# Data provided:
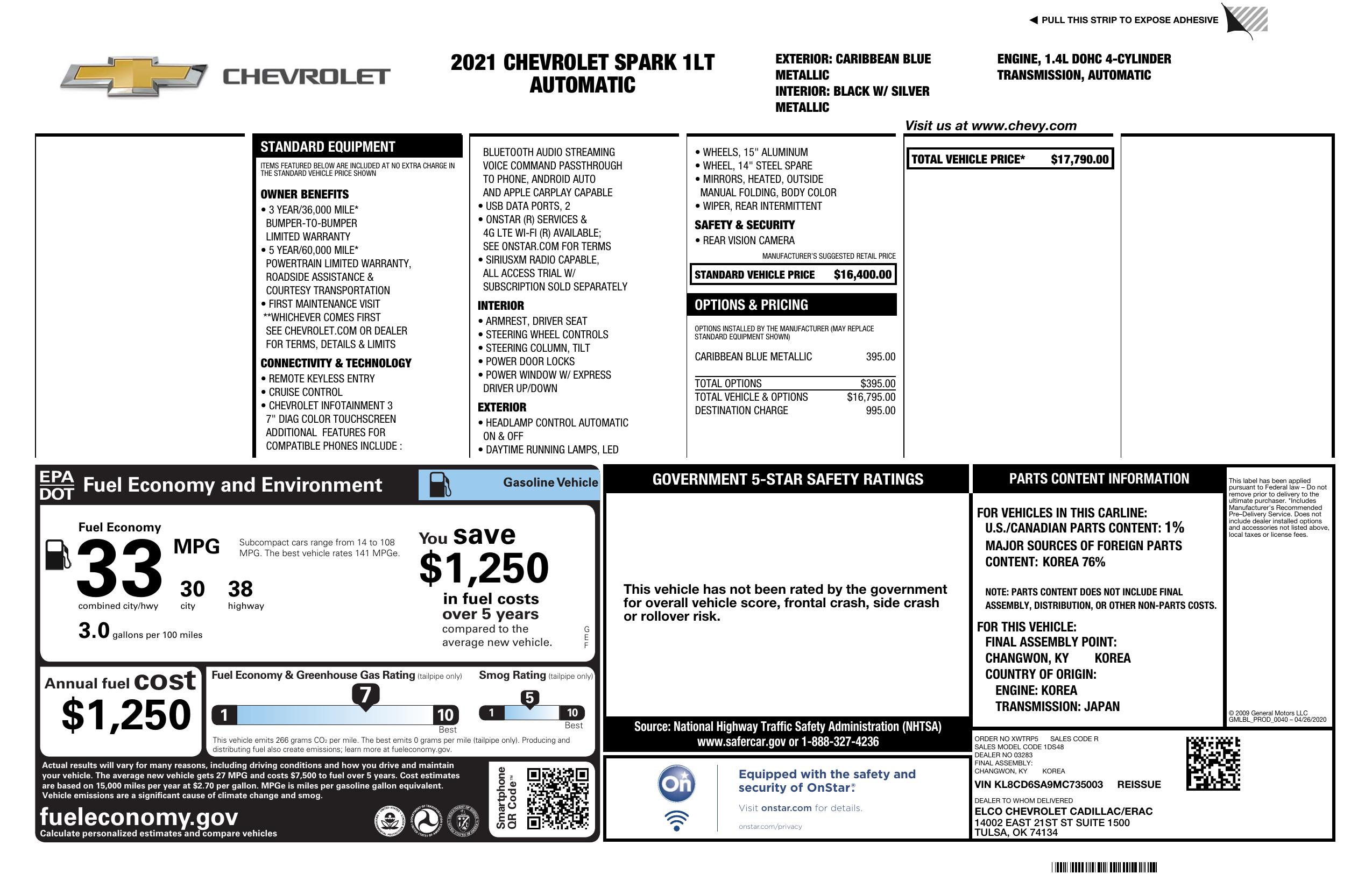 2021 Chevrolet Spark 1 Lt Hatchback 4 D
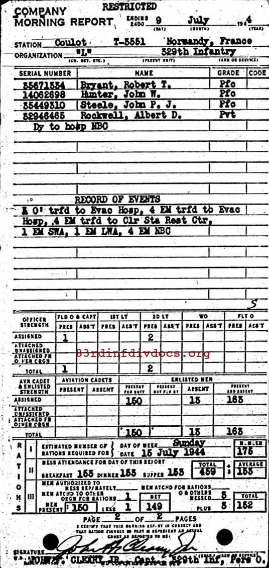 Morning report L/329 for July 9, 1944
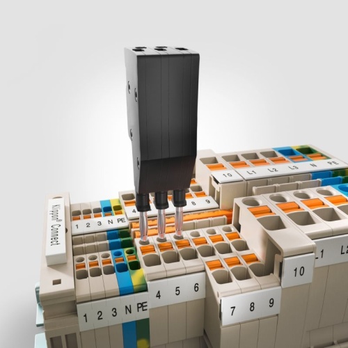 Test adapters and test plugs are used for the electrical connection between terminal blocks and the test equipment.
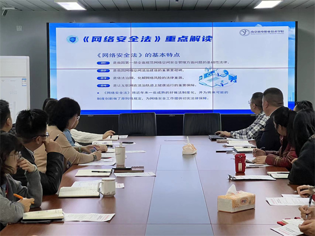 参会人员观看了南京市委网信办制作的《“网安2023”暨“蓝剑护网2023”专项行动》警示教育片,并认真学习了《中华人民共和国网络安全法》。

# Instructions to follow:
Only what runs from the line with "Test adapters and" through the last line of the listing above belongs in the answer, set down exactly and free of pictures.

# Expected answer:
 Test adapters and test plugs are used for the electrical connection between terminal blocks and the test equipment.
 参会人员观看了南京市委网信办制作的《“网安2023”暨“蓝剑护网2023”专项行动》警示教育片,并认真学习了《中华人民共和国网络安全法》。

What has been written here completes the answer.